Leave the pictures out and print, word for word, the lines below from the one with "So my take on" through the final line.

* _DATASET EXTRACT_
- - -

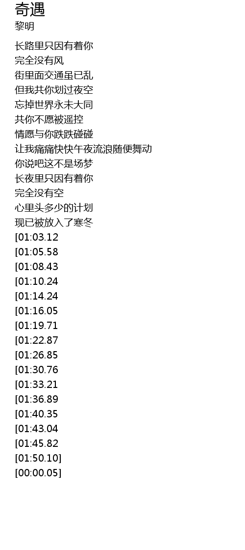 | [02:52.81][01:43.04] | 这晚又可算是奇遇 |
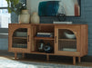 Details Made with solid acacia wood, Back made with acacia veneer and engineered wood substrate, Natural finish, Metal door pulls with black finish, 2 doors with half-arch patterns and fluted glass inserts, 3 removable shelves, Openings in back for electronics, Assembly required
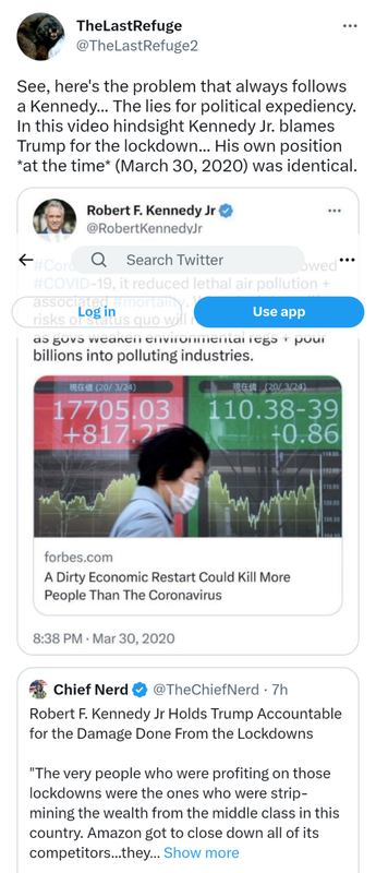 So my take on RFK Jr’s tweet is that, if given the chance, he would be in favor of lockdowns not only for diseases but for “pollution” reduction. He fits right in with the Green New Deal.
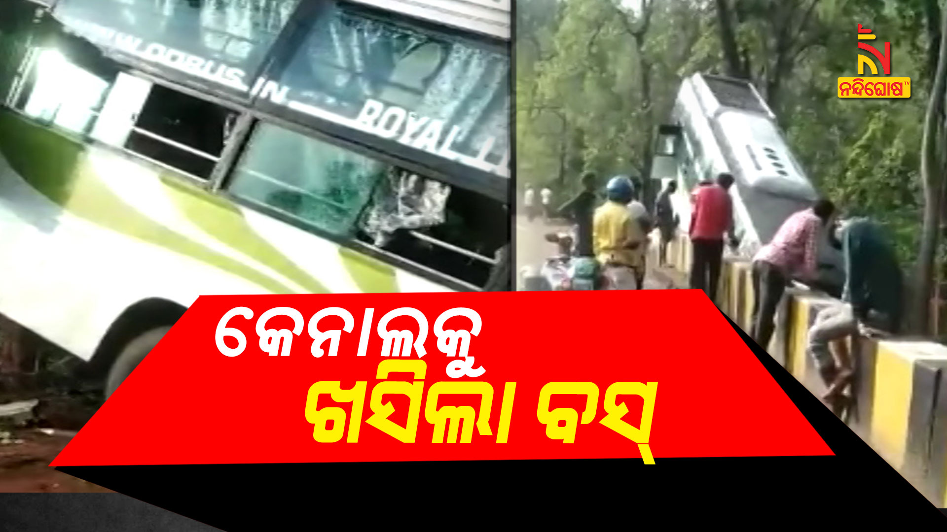 ଭାରସାମ୍ୟ ହରାଇ କେନାଲକୁ ଖସିଲା ଯାତ୍ରୀବାହୀ ବସ୍, ଅଳ୍ପକେ ବର୍ତ୍ତିଲେ ଯାତ୍ରୀ

- - -

* _TASK RESULT_
 So my take on RFK Jr’s tweet is that, if given the chance, he would be in favor of lockdowns not only for diseases but for “pollution” reduction. He fits right in with the Green New Deal.
 ଭାରସାମ୍ୟ ହରାଇ କେନାଲକୁ ଖସିଲା ଯାତ୍ରୀବାହୀ ବସ୍, ଅଳ୍ପକେ ବର୍ତ୍ତିଲେ ଯାତ୍ରୀ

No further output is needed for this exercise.